The pivot came in 2025-2026. D-Wave acquired Quantum Circuits, Inc., adding dual-rail superconducting qubits with gate fidelities exceeding 99.9%, and now markets itself as the only player pursuing both annealing and gate-model systems. CEO Alan Baratz laid out a roadmap targeting 1,000 physical qubits with 10 logical qubits by 2030 and a 100,000-qubit Advantage3 annealing machine. FY2025 revenue hit $24.59 million, up 178.54% YoY, and Q1 2026 bookings rocketed to $33.40 million.

Your $1,000 at IPO Is Now $2,352

D-Wave has only traded publicly since August 2022, so the available history covers roughly four years.

1-Year Return

  • Initial Investment: $1,000
  • Current Value: $1,310.30
  • Total Return: 31.03%
  • S&P 500 (same period): $1,229.10 (22.91%)

Since IPO (August 2022)

  • Initial Investment: $1,000
  • Current Value: $2,352
  • Total Return: 135.2%
  • S&P 500 (same period): $1,779.60 (77.96%)

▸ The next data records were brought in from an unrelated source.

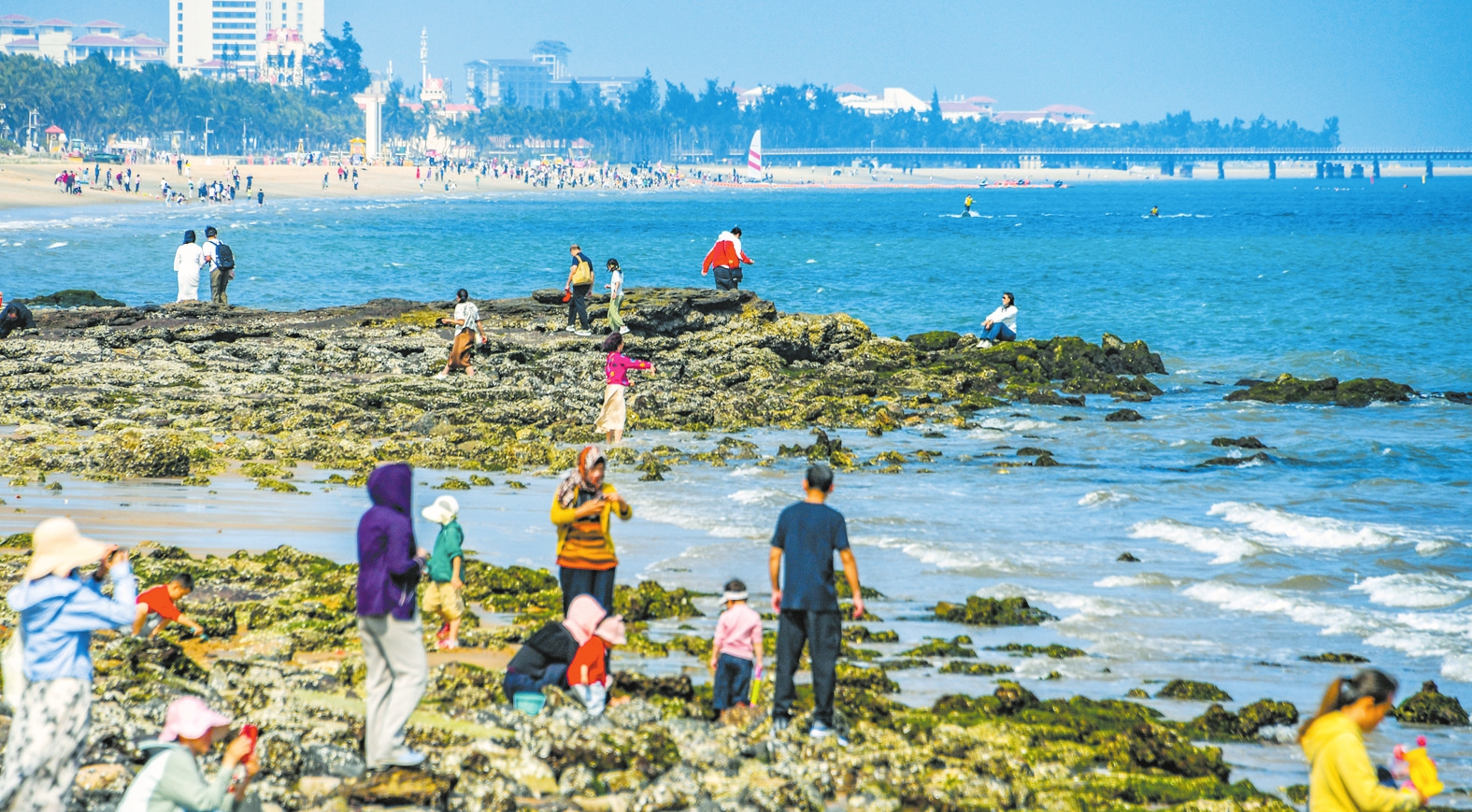 春节假期,不少市民游客在海口西海岸游玩嬉水,打卡拍照,乐享假日好时光。 本报记者 康登淋 摄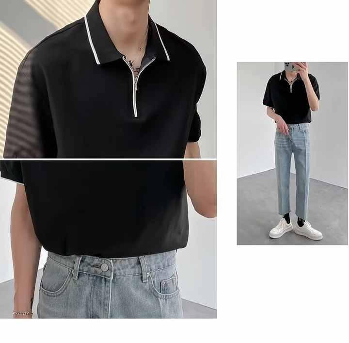 Verano nuevo hielo seda manga corta hombres Piqué tela POLO camisa solapa transpirable camisa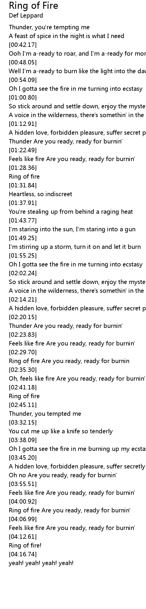 Ring of fire Are you ready, ready for burnin |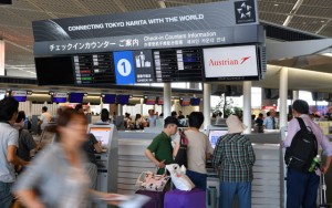 日本路線運航最終日を迎えた成田空港第1ターミナルのオーストリア航空カウンター=16年9月4日 PHOTO: Tadayuki YOSHIKAWA/Aviation Wire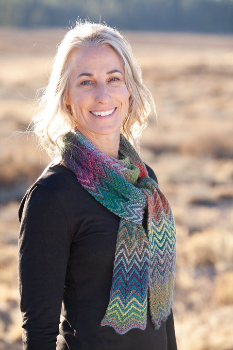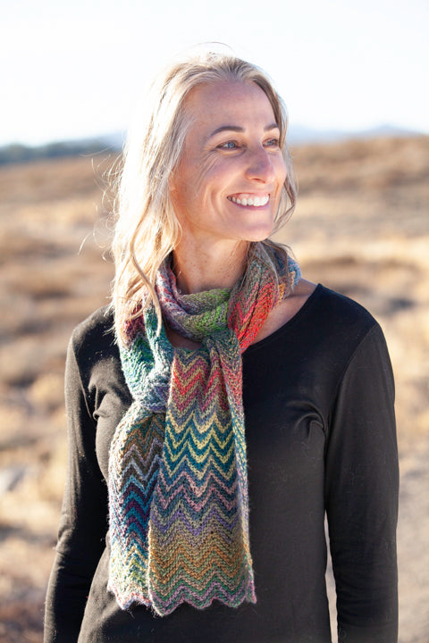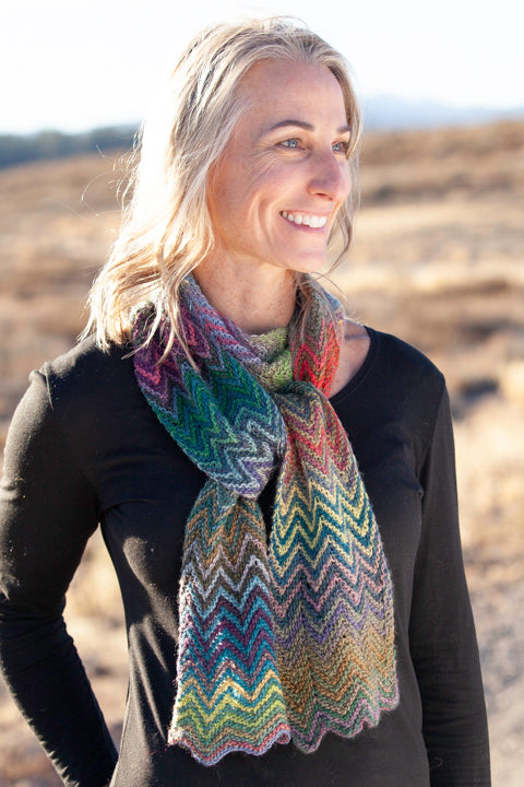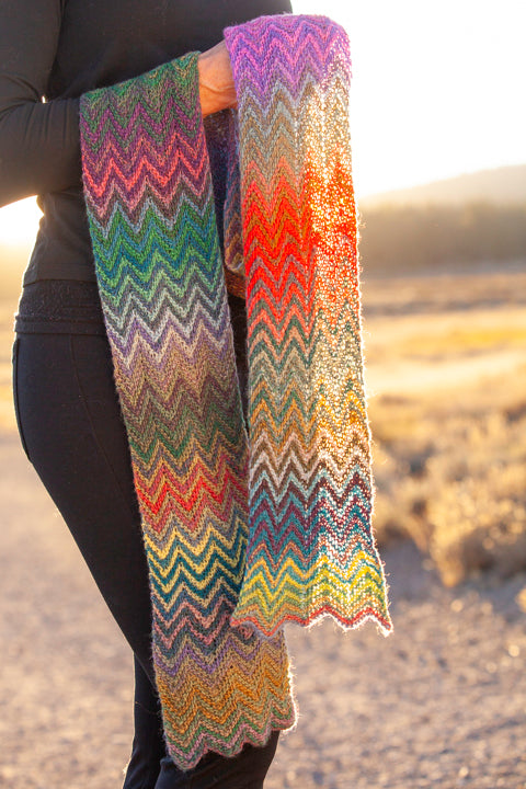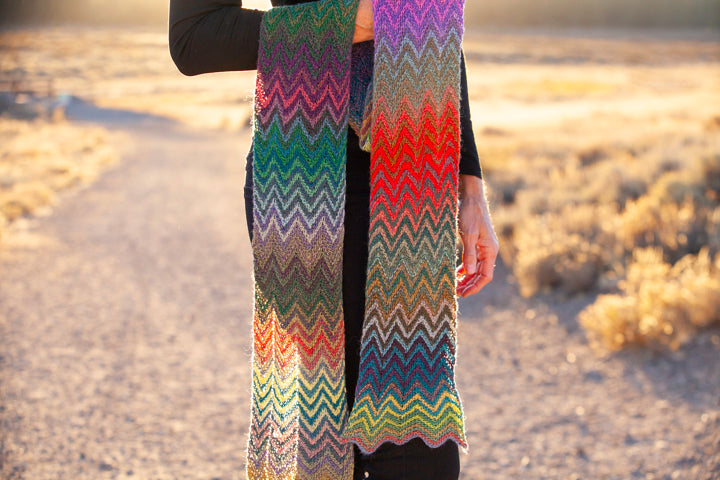The Cosmic Rainbow Scarf is made of 100% Merino wool from Germany.

That headline number hides a brutal ride. QBTS opened near $10, sank into the low single digits during 2023, then ripped to a 52-week high of $46.75 before settling at $23.52. Holders who bought at IPO and never flinched doubled their money and beat the S&P. Anyone who chased the recent top is down meaningfully, including a 21.36% drop just this past week. Timing mattered enormously here.

The Case For and Against Putting $1,000 In Today

I’d put $1,000 into D-Wave today if I believe quantum computing reaches commercial scale this decade and that owning the only dual-platform pure-play is worth a price-to-sales ratio of roughly 710. The bull case rests on bookings up roughly 2,000% YoY, a $588 million cash pile, defense traction with Anduril and Davidson Technologies, and analyst targets sitting at $36.44.

I’d avoid it if I cannot stomach $45 million in quarterly operating cash burn, a share count that ballooned from 266.6 million to 358.7 million, and revenue that swung down 81% YoY in Q1 on one missing system sale. The gate-model roadmap stretches to 2032 for meaningful logical qubits, and competitors are not standing still.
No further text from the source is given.